Рикард Нордрак относился к Эдварду со смешанным чувством восхищения и беспокойной нежности, как мать относится к своему гениальному первенцу. Он тревожился за здоровье Эдварда; ему было известно, что Григ едва не умер в шестнадцать лет, и теперь Рикард постоянно напоминал ему, что надо беречься.

Нордрак был всего на один год старше Эдварда, но считал необходимым опекать его. Сам он был крепкий малый, что называется «кровь с молоком». Его синие глаза были полны веселья. Правда, в детстве он тяжело хворал. Доктор, лечивший тогда Рикарда, сказал, что нельзя ручаться за будущее. При таких болезнях бывает, что неожиданно, через много лет, может появиться рецидив, и очень опасный. Наука еще не изучила подобные случаи, но их приходилось наблюдать.

Но Рикард с тех пор не знал никаких болезней и всячески оправдывал убеждение своего могучего родича Бьёрнсона, что люди, сильно хворавшие в детстве, вырастают здоровыми силачами. И только в самое последнее время к Нордраку привязался кашель — следствие простуды, схваченной осенью в горах.

Опека Нордрака над Григом ограничивалась в основном заботой о его здоровье. Он был так убежден в гениальном даровании Грига и так покорен его музыкой, что только в редких случаях позволял себе прямые замечания. Григ внимательно прислушивался к ним: Нордрак в его глазах был большим авторитетом.

Сам Нордрак писал сравнительно мало. Национальный норвежский гимн и музыка к двум пьесам Бьёрнсона были пока его единственными вполне законченными произведениями. По ним можно было судить о размерах его таланта, оригинального и смелого, с бетховенской хваткой и стремлением к классической строгости формы.
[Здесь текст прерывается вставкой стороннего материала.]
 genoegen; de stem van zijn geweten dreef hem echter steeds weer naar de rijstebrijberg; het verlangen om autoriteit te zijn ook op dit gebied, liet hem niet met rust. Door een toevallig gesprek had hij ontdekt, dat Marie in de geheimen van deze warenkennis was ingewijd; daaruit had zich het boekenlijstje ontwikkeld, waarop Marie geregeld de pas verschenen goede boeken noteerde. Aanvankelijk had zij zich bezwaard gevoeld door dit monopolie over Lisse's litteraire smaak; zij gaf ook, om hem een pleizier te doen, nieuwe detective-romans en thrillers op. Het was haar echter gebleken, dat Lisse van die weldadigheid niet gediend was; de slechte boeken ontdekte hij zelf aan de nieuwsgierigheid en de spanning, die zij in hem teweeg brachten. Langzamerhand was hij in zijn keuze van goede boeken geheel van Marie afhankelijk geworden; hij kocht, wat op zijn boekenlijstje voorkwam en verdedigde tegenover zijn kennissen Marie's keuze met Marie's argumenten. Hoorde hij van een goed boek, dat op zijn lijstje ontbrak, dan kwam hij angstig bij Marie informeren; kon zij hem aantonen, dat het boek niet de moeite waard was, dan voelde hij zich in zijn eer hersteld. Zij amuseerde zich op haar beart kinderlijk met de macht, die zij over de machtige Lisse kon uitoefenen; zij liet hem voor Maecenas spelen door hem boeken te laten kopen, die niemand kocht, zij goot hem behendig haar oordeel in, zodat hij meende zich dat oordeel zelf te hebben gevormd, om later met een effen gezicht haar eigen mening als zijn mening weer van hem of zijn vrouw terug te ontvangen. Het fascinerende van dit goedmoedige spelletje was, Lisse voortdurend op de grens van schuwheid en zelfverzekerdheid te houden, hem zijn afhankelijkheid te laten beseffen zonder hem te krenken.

Особенную поэтичность придавал им норвежский колорит. Но лучше всего им написанного были импровизации, неисчерпаемые по богатству мелодий. Напрасно Эдвард умолял его записать хоть часть этих импровизаций, Нордрак отвечал, что на это у него нет времени. У него всегда было множество дел — от политической сходки в университете, где он, правда, не учился, но где его все знали, — до репетиций хора или занятий с учеником. Все это было для него важнее, чем сочинение музыки.
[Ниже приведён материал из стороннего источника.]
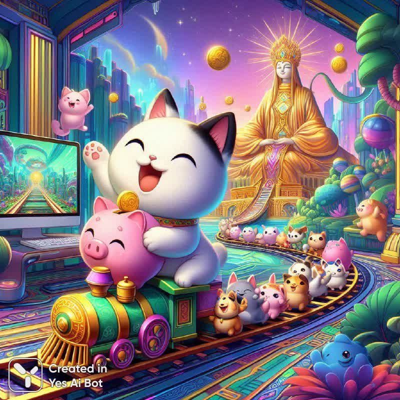 Игривая сцена, где очаровательный котенок, словно маленький машинист, управляет крошечной железной дорогой. Его пассажиры – забавные зверята и свинья-копилка, полные обаяния и непосредственности. Весь этот волшебный караван направляется под чутким присмотром богини Фортуны, которая обещает удачу и благополучие каждому путешественнику. За причудливым движением поезда открывается захватывающий дух футуристический пейзаж, где переплетаются фантастические элементы с современными технологиями, символизируемыми персональным компьютером. Вся композиция выполнена в ярком и динамичном стиле 2D анимации, создавая ощущение легкости и безграничной фантазии. Этот рисунок – настоящее воплощение фантазии и футуризма, сочетающее в себе теплоту домашнего уюта и дерзость инновационных технологий. Он переносит зрителя в сказочный мир, где даже самые обыденные вещи обретают необыкновенный смысл и красоту. Это визуальный гимн радости, оптимизму и бесконечным возможностям, которые открываются перед нами на пути к мечте. Каждая деталь этой картины продумана до мелочей, чтобы подарить зрителю незабываемые впечатления и вдохновить на новые свершения. Сцена излучает позитивную энергию и дарит ощущение волшебства, словно приглашая нас окунуться в мир грез и фантазий

— Но ведь ты всё забудешь! — волновался Григ.

— Не беда! — отвечал Нордрак. — Забуду одно, придумаю что-нибудь другое!

И действительно, придумывал, еще оригинальнее и смелее.

Эдварду часто казалось, что Рикард придает мало значения собственному творчеству, хотя и нельзя было сказать, что он не верит в себя. Он знал себе цену. Но, просветитель по призванию, он не мог отдать себя музыке целиком. Его заботило лишь одно: народная польза, просвещение народа, а каким путем это будет достигнуто, его меньше занимало: пригодится для этого музыка — тем лучше! К счастью, настало такое время, когда и музыканты могли сказать свое слово!
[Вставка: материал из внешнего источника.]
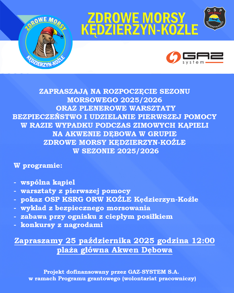 Tymczasem oficjalne rozpoczęcie sezonu naszych morsów na Dębowej zaplanowano na sobotę 25 października. Szczegóły na poniższym plakacie.

Общественная деятельность поглощала все время Нордрака. Теперь он был занят новой идеей: подобно Оле Буллю, создавшему национальный театр в Бергене наполовину из простых людей, Рикард Нордрак задумал основать хор — а если будет возможно, и оркестр — из студентов и городских ремесленников и постепенно превратить их из любителей в настоящих музыкантов. Он слыхал, что в России подобное громадное дело уже начато: слухи о Бесплатной Музыкальной Школе и о балакиревском кружке доходили до Нордрака через немецкого музыканта Гунке, побывавшего в Петербурге. Гунке не одобрял деятельности Балакирева, а его самого называл «скифом», но ясный ум Нордрака легко отличал правду от пристрастной выдумки. Гунке принадлежал к тому типу осторожных и безличных музыкантов, которые были особенно антипатичны Нордраку. Поэтому все, что Гунке подвергал критике, уже само по себе вызывало интерес у Рикарда. Конечно, не могло быть и речи о таком грандиозном замысле, как создание норвежской бесплатной школы, да еще в Копенгагене, но организация хора оказалась возможной. Когда Нордрак на одной из публичных репетиций оркестра обратился к сидящим в зале любителям, предложив им посещать хоровой кружок, к нему тут же, в перерыве, стали подходить записываться. И на другой день к нему пришли новые любители.